Several limitations are acknowledged:

  • The method is currently limited to compact (bounded) continuous domains due to the use of Legendre polynomials; extensions to unbounded, hybrid, or categorical features require new orthogonalization schemes.
  • The curse of dimensionality surfaces theoretically via exponential subset enumeration; reliance on effect-sparsity and low-order truncation addresses this in practice, but more sophisticated penalization/selection strategies are desirable.
  • The density estimation module could be improved with advanced generative or kernel approaches, and the linear solver could benefit from hardware acceleration.

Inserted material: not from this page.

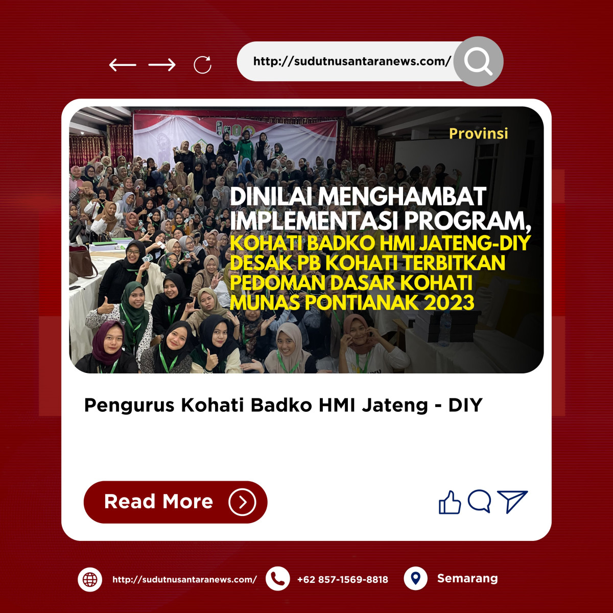 Semarang, sudutnusantaranews.com – Pengurus Korps HMI-Wati (KOHATI) Badan Koordinasi (BADKO) Himpunan Mahasiswa Islam (HMI) Jawa Tengah dan Daerah Istimewa Yogyakarta (Jateng-DIY) mendesak Pengurus Besar (PB) Kohati untuk segera menerbitkan Pedoman Dasar Kohati (PDK) hasil Musyawarah Nasional (Munas) Pontianak Tahun 2023. Mereka menilai bahwa keterlambatan ini berdampak pada keberlangsungan organisasi dan efektivitas program kerja di tingkat regional.

Future research should investigate general penalized estimators (sparse/max-norm), basis construction for mixed-type or unbounded supports, and functional alignment diagnostics for model auditing.

Conclusion

This work delivers a mathematically principled, computationally efficient, and unifying framework for additive explanation of black-box predictors via a closed-form, generalized functional ANOVA decomposition under dependent, continuous features. The connection to existing explanation paradigms is clarified, and the practical estimator provides highly accurate, hierarchically orthogonal attributions with minimal computational burden. This marks a theoretical synthesis and practical consolidation of feature attribution in complex machine learning models.